> _YOUR TASK_:
Omit the images and return the remaining entries unchanged.

***** DATA FOR THIS TASK

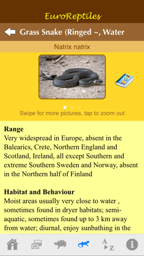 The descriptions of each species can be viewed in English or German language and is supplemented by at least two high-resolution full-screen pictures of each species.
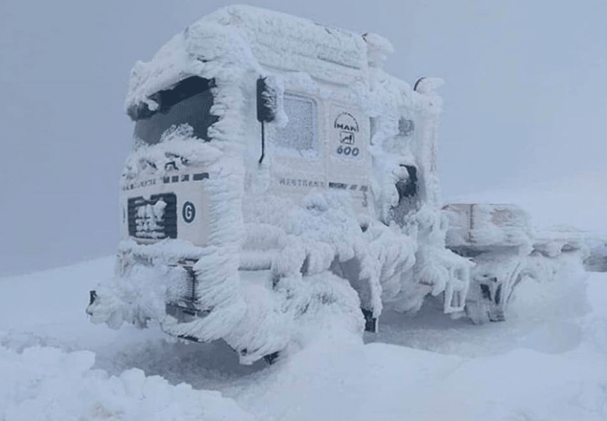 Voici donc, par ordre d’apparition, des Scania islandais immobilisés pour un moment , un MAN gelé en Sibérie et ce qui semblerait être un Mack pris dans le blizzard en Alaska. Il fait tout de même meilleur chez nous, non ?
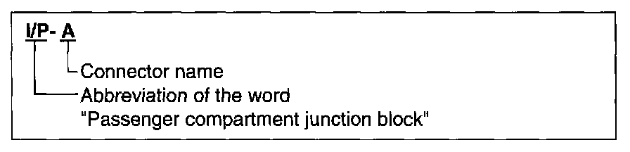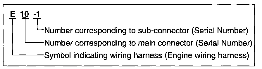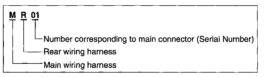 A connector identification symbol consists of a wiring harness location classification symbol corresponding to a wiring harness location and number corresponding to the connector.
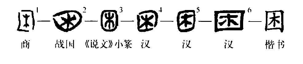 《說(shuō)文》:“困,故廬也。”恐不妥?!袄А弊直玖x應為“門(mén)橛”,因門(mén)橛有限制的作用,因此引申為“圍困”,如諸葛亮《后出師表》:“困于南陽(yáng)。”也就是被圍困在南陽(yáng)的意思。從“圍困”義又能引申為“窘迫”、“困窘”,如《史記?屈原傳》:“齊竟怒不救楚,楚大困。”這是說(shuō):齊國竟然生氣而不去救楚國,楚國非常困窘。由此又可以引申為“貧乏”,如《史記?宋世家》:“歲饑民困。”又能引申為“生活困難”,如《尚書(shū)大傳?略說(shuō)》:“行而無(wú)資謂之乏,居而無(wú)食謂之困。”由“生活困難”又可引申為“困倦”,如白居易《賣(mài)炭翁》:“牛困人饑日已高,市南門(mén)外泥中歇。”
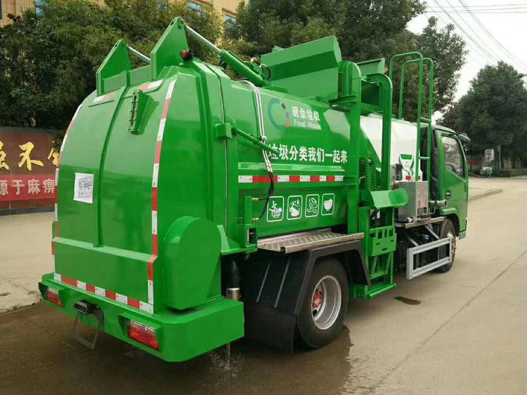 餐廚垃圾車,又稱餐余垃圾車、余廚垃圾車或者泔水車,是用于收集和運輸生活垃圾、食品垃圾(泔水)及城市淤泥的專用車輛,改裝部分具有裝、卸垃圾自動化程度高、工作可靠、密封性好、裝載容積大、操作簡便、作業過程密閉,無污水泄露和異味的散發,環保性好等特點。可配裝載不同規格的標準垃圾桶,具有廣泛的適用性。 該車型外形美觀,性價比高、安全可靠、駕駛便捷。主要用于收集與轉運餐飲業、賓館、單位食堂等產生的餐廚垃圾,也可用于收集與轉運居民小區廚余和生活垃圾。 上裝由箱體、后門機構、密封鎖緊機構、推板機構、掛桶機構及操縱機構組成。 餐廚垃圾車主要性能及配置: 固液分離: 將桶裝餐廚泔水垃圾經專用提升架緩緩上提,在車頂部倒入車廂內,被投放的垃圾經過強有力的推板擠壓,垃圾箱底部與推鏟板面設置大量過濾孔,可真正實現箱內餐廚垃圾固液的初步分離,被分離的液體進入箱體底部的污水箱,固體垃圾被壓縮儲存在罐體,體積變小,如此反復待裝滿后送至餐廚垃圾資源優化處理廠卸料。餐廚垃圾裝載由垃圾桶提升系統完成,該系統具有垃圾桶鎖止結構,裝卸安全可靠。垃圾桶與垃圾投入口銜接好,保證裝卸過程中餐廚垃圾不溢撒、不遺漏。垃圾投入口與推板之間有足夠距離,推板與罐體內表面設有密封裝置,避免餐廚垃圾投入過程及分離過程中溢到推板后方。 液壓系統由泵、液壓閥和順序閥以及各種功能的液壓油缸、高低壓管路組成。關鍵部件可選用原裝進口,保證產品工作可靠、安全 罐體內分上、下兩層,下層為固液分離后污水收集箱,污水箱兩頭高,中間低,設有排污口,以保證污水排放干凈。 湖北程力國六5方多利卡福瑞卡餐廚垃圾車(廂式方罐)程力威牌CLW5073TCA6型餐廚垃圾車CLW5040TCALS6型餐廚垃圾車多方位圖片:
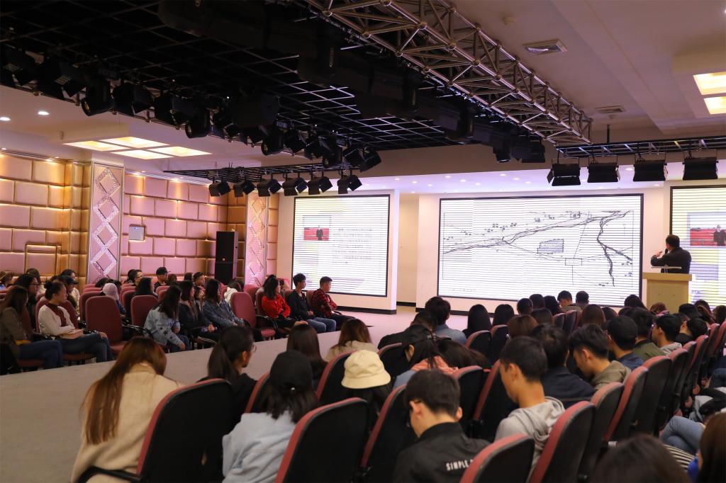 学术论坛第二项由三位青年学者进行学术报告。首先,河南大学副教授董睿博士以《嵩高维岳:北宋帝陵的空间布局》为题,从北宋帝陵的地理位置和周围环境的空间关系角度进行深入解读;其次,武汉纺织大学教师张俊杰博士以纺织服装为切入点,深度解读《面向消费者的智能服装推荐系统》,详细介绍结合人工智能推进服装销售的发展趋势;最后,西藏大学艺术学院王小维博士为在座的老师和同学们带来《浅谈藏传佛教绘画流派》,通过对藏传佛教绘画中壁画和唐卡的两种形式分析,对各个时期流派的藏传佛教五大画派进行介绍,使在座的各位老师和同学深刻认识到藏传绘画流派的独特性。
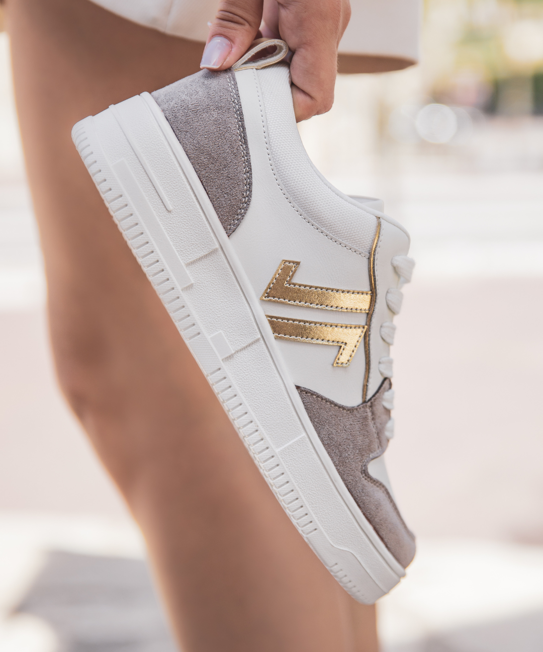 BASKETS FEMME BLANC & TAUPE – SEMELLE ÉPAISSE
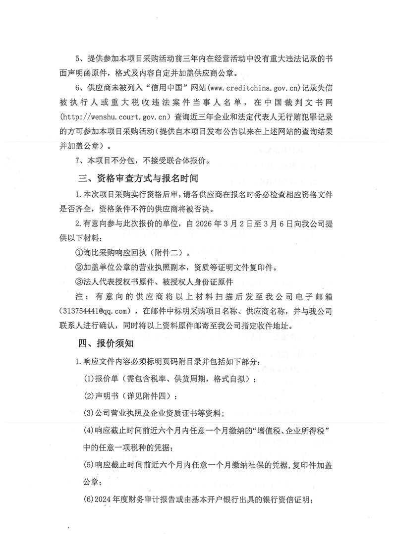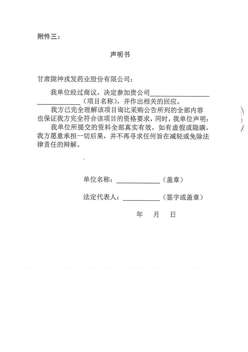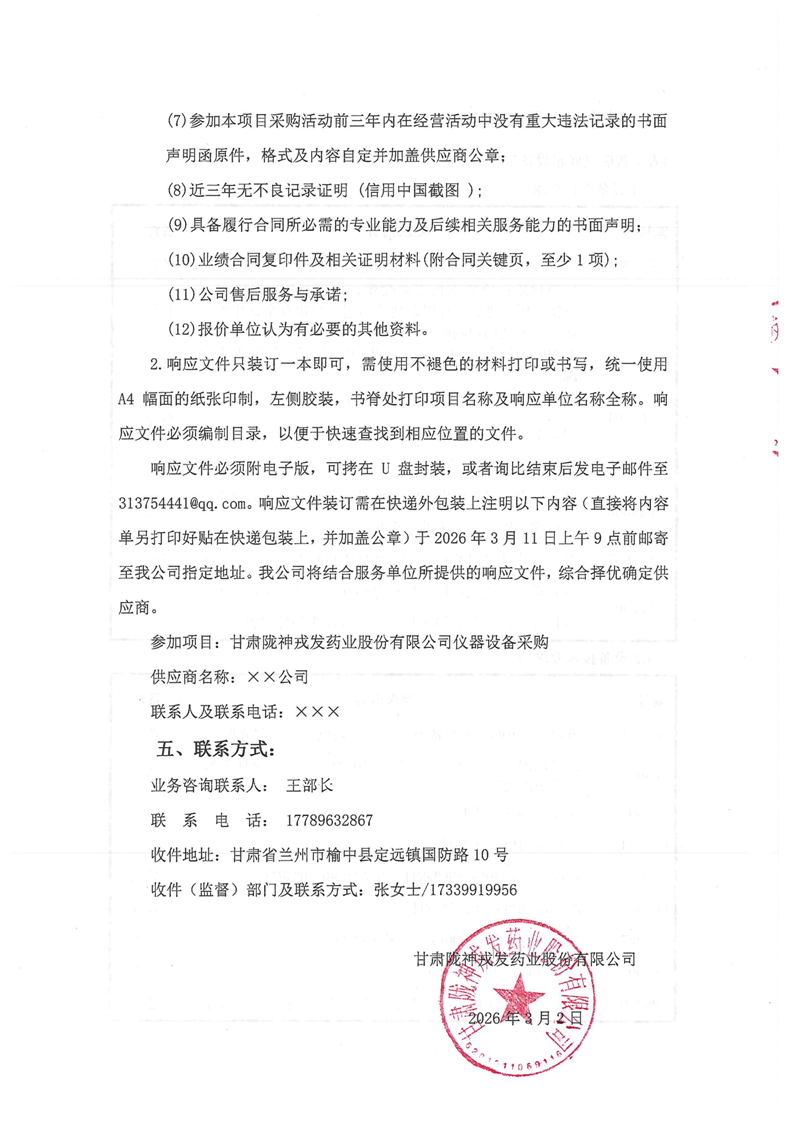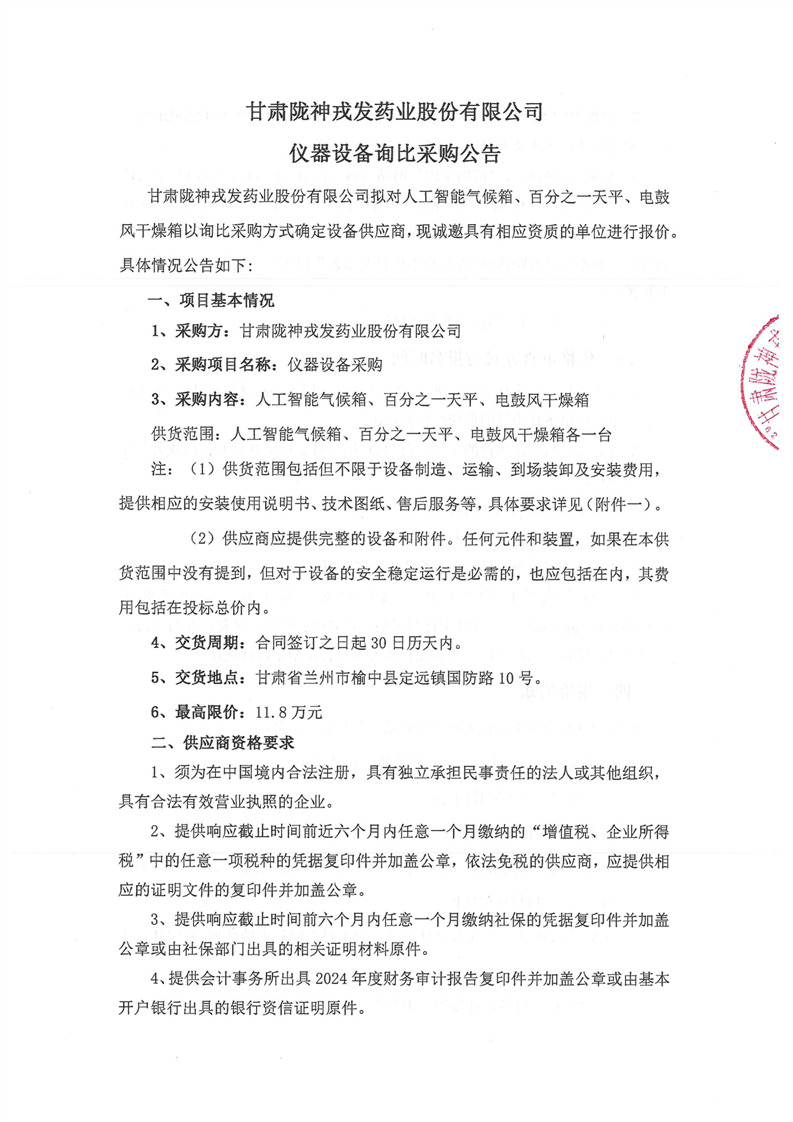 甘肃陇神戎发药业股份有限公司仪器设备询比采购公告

**********

> _SOLVED PROBLEM_:
 The descriptions of each species can be viewed in English or German language and is supplemented by at least two high-resolution full-screen pictures of each species.
 Voici donc, par ordre d’apparition, des Scania islandais immobilisés pour un moment , un MAN gelé en Sibérie et ce qui semblerait être un Mack pris dans le blizzard en Alaska. Il fait tout de même meilleur chez nous, non ?
 A connector identification symbol consists of a wiring harness location classification symbol corresponding to a wiring harness location and number corresponding to the connector.
 《說(shuō)文》:“困,故廬也。”恐不妥?!袄А弊直玖x應為“門(mén)橛”,因門(mén)橛有限制的作用,因此引申為“圍困”,如諸葛亮《后出師表》:“困于南陽(yáng)。”也就是被圍困在南陽(yáng)的意思。從“圍困”義又能引申為“窘迫”、“困窘”,如《史記?屈原傳》:“齊竟怒不救楚,楚大困。”這是說(shuō):齊國竟然生氣而不去救楚國,楚國非常困窘。由此又可以引申為“貧乏”,如《史記?宋世家》:“歲饑民困。”又能引申為“生活困難”,如《尚書(shū)大傳?略說(shuō)》:“行而無(wú)資謂之乏,居而無(wú)食謂之困。”由“生活困難”又可引申為“困倦”,如白居易《賣(mài)炭翁》:“牛困人饑日已高,市南門(mén)外泥中歇。”
 餐廚垃圾車,又稱餐余垃圾車、余廚垃圾車或者泔水車,是用于收集和運輸生活垃圾、食品垃圾(泔水)及城市淤泥的專用車輛,改裝部分具有裝、卸垃圾自動化程度高、工作可靠、密封性好、裝載容積大、操作簡便、作業過程密閉,無污水泄露和異味的散發,環保性好等特點。可配裝載不同規格的標準垃圾桶,具有廣泛的適用性。 該車型外形美觀,性價比高、安全可靠、駕駛便捷。主要用于收集與轉運餐飲業、賓館、單位食堂等產生的餐廚垃圾,也可用于收集與轉運居民小區廚余和生活垃圾。 上裝由箱體、后門機構、密封鎖緊機構、推板機構、掛桶機構及操縱機構組成。 餐廚垃圾車主要性能及配置: 固液分離: 將桶裝餐廚泔水垃圾經專用提升架緩緩上提,在車頂部倒入車廂內,被投放的垃圾經過強有力的推板擠壓,垃圾箱底部與推鏟板面設置大量過濾孔,可真正實現箱內餐廚垃圾固液的初步分離,被分離的液體進入箱體底部的污水箱,固體垃圾被壓縮儲存在罐體,體積變小,如此反復待裝滿后送至餐廚垃圾資源優化處理廠卸料。餐廚垃圾裝載由垃圾桶提升系統完成,該系統具有垃圾桶鎖止結構,裝卸安全可靠。垃圾桶與垃圾投入口銜接好,保證裝卸過程中餐廚垃圾不溢撒、不遺漏。垃圾投入口與推板之間有足夠距離,推板與罐體內表面設有密封裝置,避免餐廚垃圾投入過程及分離過程中溢到推板后方。 液壓系統由泵、液壓閥和順序閥以及各種功能的液壓油缸、高低壓管路組成。關鍵部件可選用原裝進口,保證產品工作可靠、安全 罐體內分上、下兩層,下層為固液分離后污水收集箱,污水箱兩頭高,中間低,設有排污口,以保證污水排放干凈。 湖北程力國六5方多利卡福瑞卡餐廚垃圾車(廂式方罐)程力威牌CLW5073TCA6型餐廚垃圾車CLW5040TCALS6型餐廚垃圾車多方位圖片:
 学术论坛第二项由三位青年学者进行学术报告。首先,河南大学副教授董睿博士以《嵩高维岳:北宋帝陵的空间布局》为题,从北宋帝陵的地理位置和周围环境的空间关系角度进行深入解读;其次,武汉纺织大学教师张俊杰博士以纺织服装为切入点,深度解读《面向消费者的智能服装推荐系统》,详细介绍结合人工智能推进服装销售的发展趋势;最后,西藏大学艺术学院王小维博士为在座的老师和同学们带来《浅谈藏传佛教绘画流派》,通过对藏传佛教绘画中壁画和唐卡的两种形式分析,对各个时期流派的藏传佛教五大画派进行介绍,使在座的各位老师和同学深刻认识到藏传绘画流派的独特性。
 BASKETS FEMME BLANC & TAUPE – SEMELLE ÉPAISSE
 甘肃陇神戎发药业股份有限公司仪器设备询比采购公告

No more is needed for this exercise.